The most specific clarity of the authority of the Pope came in the first Vatican Council in 1870. It was there that the infallibility of the Pope was declared. This is not an absolute infallibility (as some--both protestant and Catholic--would have you believe), but rather a specific infallibility in specific situations. In other words, contrary to popular opinion, the Pope's authority was not expanded at Vatican I, but limited. Yes, you read that right. His authority was limited because it said that the Pope is only granted the grace of infallibility when he speaks "ex cathedra" and then gave the limitations on that.
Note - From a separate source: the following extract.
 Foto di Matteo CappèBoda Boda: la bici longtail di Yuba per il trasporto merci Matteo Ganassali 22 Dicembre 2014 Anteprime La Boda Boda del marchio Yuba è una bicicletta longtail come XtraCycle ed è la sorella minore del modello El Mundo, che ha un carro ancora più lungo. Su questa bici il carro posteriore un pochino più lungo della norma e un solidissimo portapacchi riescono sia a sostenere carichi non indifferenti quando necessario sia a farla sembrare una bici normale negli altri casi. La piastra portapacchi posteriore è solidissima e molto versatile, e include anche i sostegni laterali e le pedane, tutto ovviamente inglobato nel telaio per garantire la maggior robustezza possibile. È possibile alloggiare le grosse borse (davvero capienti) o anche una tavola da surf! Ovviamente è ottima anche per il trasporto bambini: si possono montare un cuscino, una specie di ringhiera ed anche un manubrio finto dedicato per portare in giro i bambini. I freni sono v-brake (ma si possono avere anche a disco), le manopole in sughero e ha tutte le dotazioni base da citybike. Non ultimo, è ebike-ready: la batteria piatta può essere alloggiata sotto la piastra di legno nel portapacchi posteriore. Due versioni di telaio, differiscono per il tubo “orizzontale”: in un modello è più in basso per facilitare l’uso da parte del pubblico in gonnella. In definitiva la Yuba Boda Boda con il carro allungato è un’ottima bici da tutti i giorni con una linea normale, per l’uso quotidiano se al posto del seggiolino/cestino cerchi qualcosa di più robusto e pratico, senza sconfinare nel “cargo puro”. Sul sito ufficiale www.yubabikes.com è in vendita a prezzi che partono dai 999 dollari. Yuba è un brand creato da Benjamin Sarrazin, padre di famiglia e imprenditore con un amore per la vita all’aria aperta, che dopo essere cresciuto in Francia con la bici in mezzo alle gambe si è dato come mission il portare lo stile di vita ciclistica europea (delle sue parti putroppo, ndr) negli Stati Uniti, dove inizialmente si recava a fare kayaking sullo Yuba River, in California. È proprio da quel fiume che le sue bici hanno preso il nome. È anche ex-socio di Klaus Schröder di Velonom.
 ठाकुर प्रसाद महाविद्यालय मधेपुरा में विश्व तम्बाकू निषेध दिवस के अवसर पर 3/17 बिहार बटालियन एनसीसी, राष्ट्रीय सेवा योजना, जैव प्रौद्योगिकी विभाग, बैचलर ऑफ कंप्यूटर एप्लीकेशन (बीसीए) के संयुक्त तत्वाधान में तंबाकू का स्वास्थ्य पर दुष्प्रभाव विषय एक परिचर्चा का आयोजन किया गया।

Since the limitations of that infallibility were expressed, the Pope has only spoken "ex cathedra" once; in 1950 when Pope Piux XII declared the Assumption of the Blessed Virgin. When Vatican I explained the Pope's authority to be "supreme immediate and universal" it did not declare it to be "in toto" (i.e. in everything he says or does). To put it a bit bluntly: the Pope can make mistakes, say things that are incorrect, and (yes!) even sin.
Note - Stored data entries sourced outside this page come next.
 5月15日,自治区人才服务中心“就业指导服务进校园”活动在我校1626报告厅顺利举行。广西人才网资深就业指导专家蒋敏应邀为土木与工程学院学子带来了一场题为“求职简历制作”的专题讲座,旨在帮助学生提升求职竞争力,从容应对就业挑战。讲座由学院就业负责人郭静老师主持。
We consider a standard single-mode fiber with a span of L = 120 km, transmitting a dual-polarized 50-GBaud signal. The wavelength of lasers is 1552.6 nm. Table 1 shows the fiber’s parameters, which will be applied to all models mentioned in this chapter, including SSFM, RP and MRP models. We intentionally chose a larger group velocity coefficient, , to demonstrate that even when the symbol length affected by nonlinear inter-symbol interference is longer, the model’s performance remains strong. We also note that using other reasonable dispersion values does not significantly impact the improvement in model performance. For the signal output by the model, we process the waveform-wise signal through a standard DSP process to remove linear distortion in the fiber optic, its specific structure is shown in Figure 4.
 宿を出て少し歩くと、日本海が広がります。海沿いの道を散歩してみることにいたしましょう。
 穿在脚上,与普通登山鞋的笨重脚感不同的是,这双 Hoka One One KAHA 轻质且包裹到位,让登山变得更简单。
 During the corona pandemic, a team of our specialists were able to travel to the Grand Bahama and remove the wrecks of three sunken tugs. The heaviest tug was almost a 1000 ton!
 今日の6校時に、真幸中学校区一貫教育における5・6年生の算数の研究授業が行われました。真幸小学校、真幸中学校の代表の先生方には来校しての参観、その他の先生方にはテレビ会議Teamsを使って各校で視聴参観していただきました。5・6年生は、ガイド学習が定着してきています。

He is the head of the Church on earth, so we must listen to him and seek to do what he tells us to do -- but always within the boundaries of what we know to be true. His choice of pizza toppings is not Canon Law; and the casual comments he makes on an airplane interview are not infallible dogma. If it appears that the Pope is commanding us to sin, then we seek to obey as closely as we can what it is that he says, while staying faithful to what the Church has always taught to be good and true. Anything else would be disobedient to God. This is what Bishops are for: to help us know how to be obedient when things are confusing.

The tradition of the Church is that the Pope is not "judged" by anyone (even by a priest with a youtube channel who has a bur under his saddle). A good priest once said, that it is not the position of the Roman Catholic Church that a pope is incapable of leading people astray by false teaching. He may be the supreme authority of Christendom, but that does not make him immune to spouting doctrinal errors in his everyday speech. Surprisingly, this fact appears to be unknown to many who ought to know better.
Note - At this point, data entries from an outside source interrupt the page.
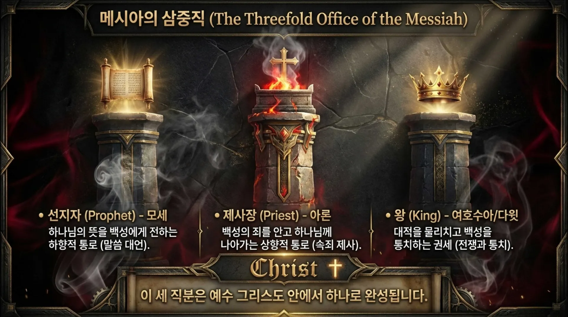그런데 이 세 가지 직분은 출애굽기 이후의 민족사 속에서 세 명의 굵직한 인물들을 통해 선명하게 예표된다. 첫째, '선지자'의 예표는 모세다. 그는 시내산에 올라가 하나님의 뜻을 직접 받아 백성들에게 오류 없이 대언하는 하향적 통로였다. 둘째, '대제사장'의 예표는 아론이다. 그는 짐승의 피와 향로를 들고 백성의 연약함과 죄악을 짊어진 채 지성소로 나아가는 상향적 통로였다. 셋째, '왕'의 예표는 여호수아다. 그러나 여호수아라는 과도기를 거쳐 훗날 다윗으로 완성된다. 다윗은 대적들을 물리치고 이스라엘에 태평성대를 가져다주며 하나님의 권위로 세상을 통치하는 전사요 왕이었다. 예수님은 이 땅에 오셔서 하나님의 말씀을 선포하시고(선지자), 자신을 단번의 제물로 드려 속죄하셨으며(제사장), 부활하사 만유를 통치하시는(왕) 이 세 가지 직분을 십자가에서 홀로, 그리고 완벽하게 성취하셨다.
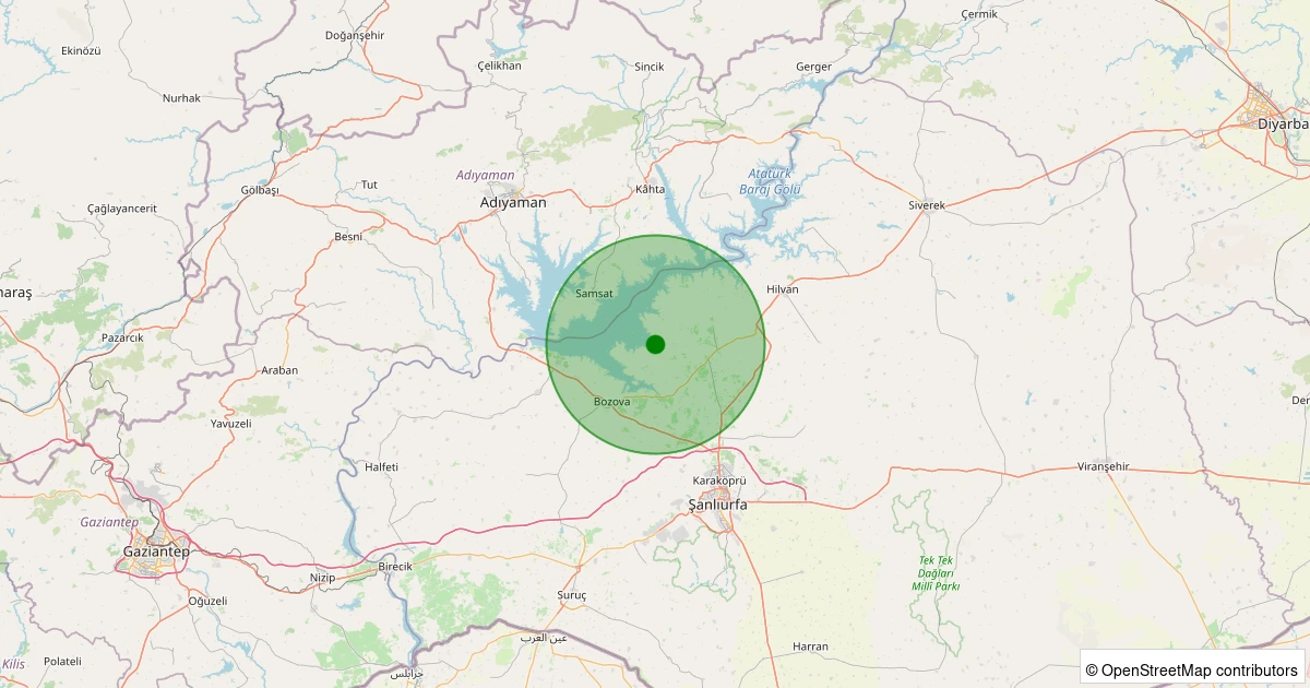 Son 7 gün içinde Hilvan - Kavalık noktasından 100 km yarıçap içerisinde meydana gelen diğer depremler:
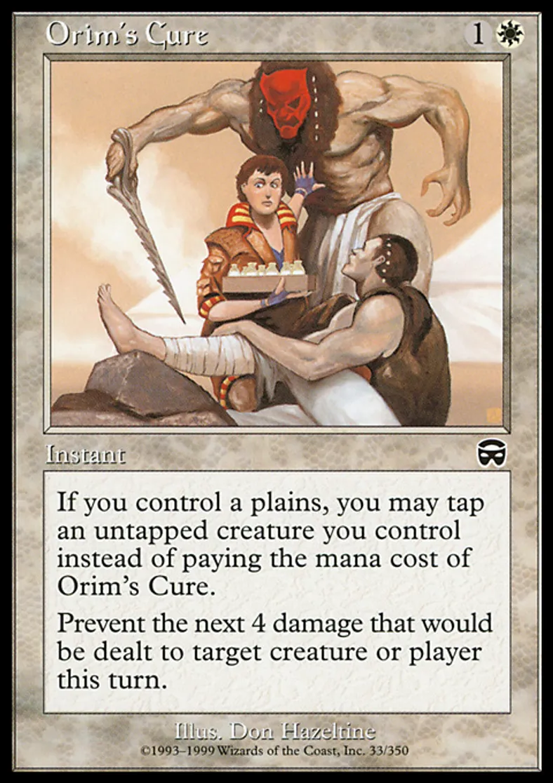 | Oracle Text | If you control a Plains, you may tap an untapped creature you control rather than pay Orim's Cure's mana cost. Prevent the next 4 damage that would be dealt to target creature or player this turn. | ||
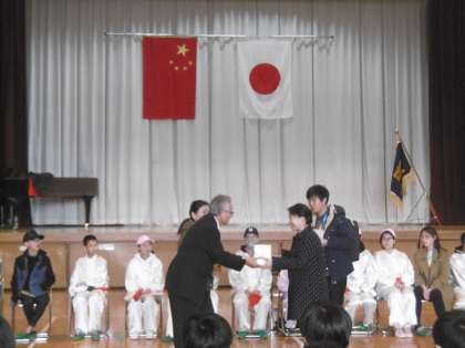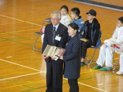 両校の校長先生が記念品を交換しました。紀見北中学校からは「紀州てまり」をお渡ししました。
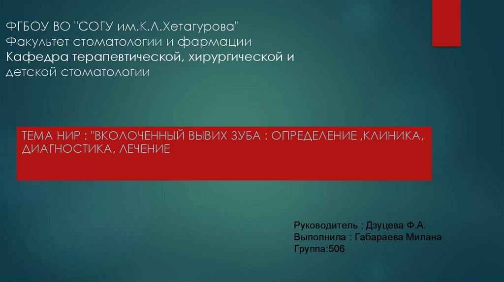 ТЕМА НИР : "ВКОЛОЧЕННЫЙ ВЫВИХ ЗУБА : ОПРЕДЕЛЕНИЕ ,КЛИНИКА,
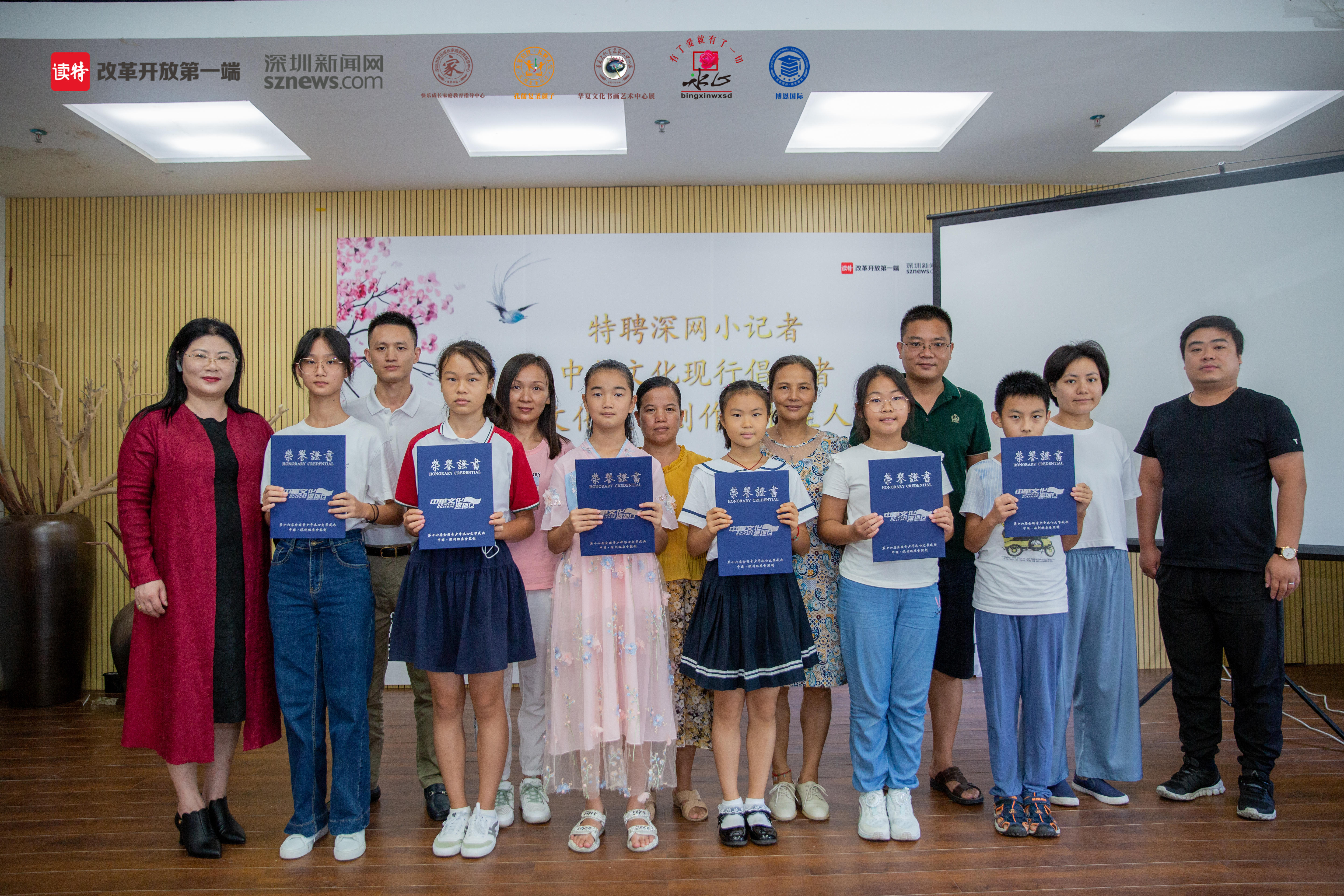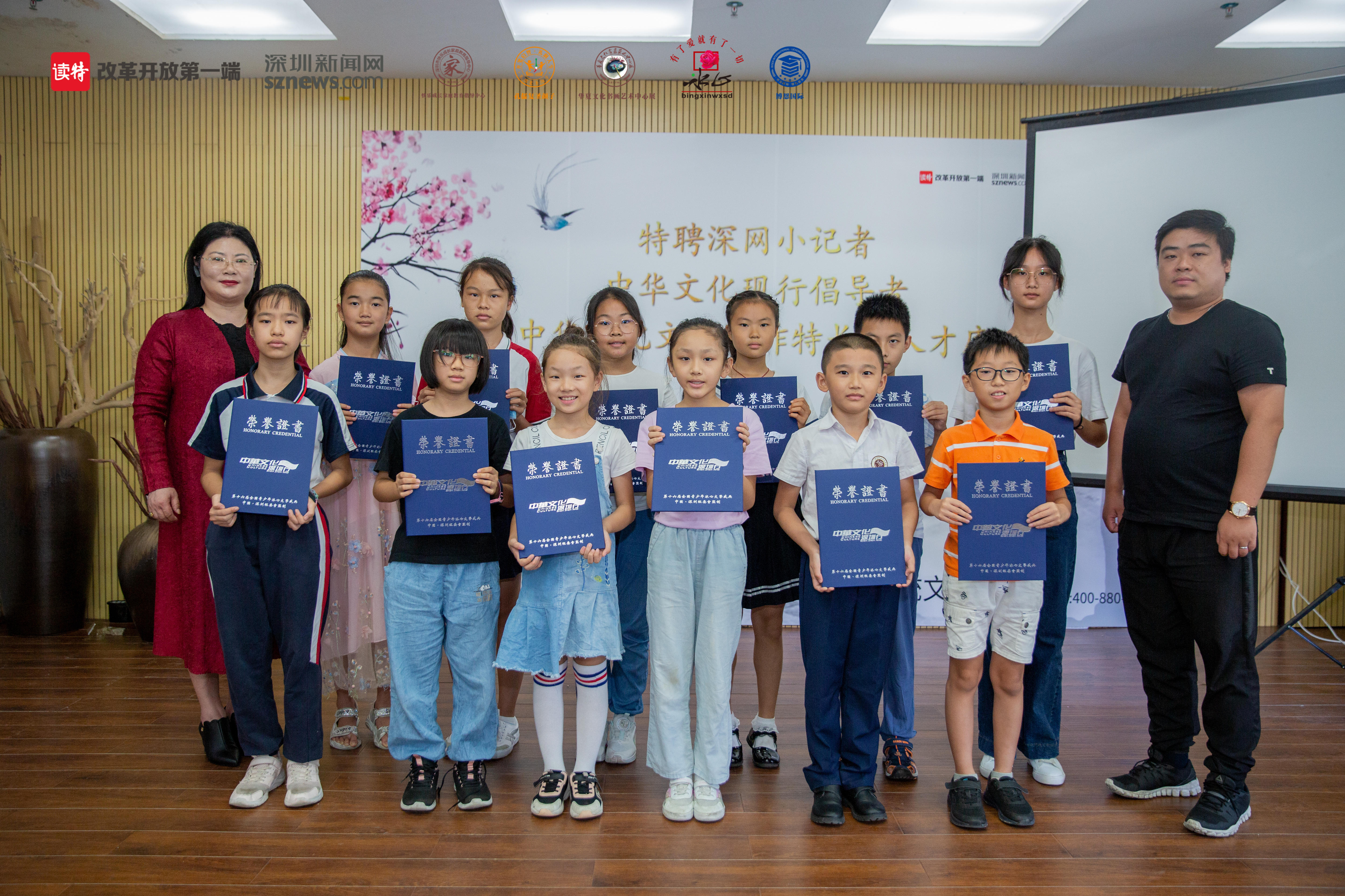 全國青少年冰心文學盛典組委會、博恩國際教育集團負責人肖俐,深圳新聞網(wǎng)政務民生事業(yè)部運營副總監(jiān)陳彬,以及第十六屆全國青少年冰心文學盛典復賽晉級學生代表、中華文化現(xiàn)行倡導者、中華文化文學創(chuàng)作特長生人才庫代表出席了活動。

Currently, Canon Law has no provision for how to deal with a Pope who says or does things that are contrary to the faith (which are obviously not said "ex cathedra" and are therefore not infallible). Some sort of process for properly examining how to respond to doctrinal error that a Pope states as his opinion would be helpful for the faithful to find confidence in the hierarchy of the Church once again. The likelihood of that happening anytime soon seems slim, however.

Some even speculated that the current confusion caused by Francis will lead to the Church being forced (by the Holy Spirit, not by us!) to consider this issue and allow a proper solution to be found. After all, problems of the past are what allowed the Church to find resolutions then, and the same can be true for our day. This does not make it easy to endure, but it does tell us that we may be suffering under this pontificate precisely so that our children can do the work of spreading the Kingdom of God in an area that the Church has never considered before, because it never had to deal with it before.

I doubt that any of the faithful who suffered under the Arian heretics 1600 years ago sat back and thought of the future impact of the work they were doing. What a wonderful experience of grace it would be for us to suffer so that our descendants can have this issue worked out and view it just as settled an issue as the Trinity. Let us think of our place in this time as crucial for future generations. Let us remember that we have a part to play in the development of Christ's Kingdom on earth. We are called to this time, let us persevere with dignity and rejoice in the work of God in our lives.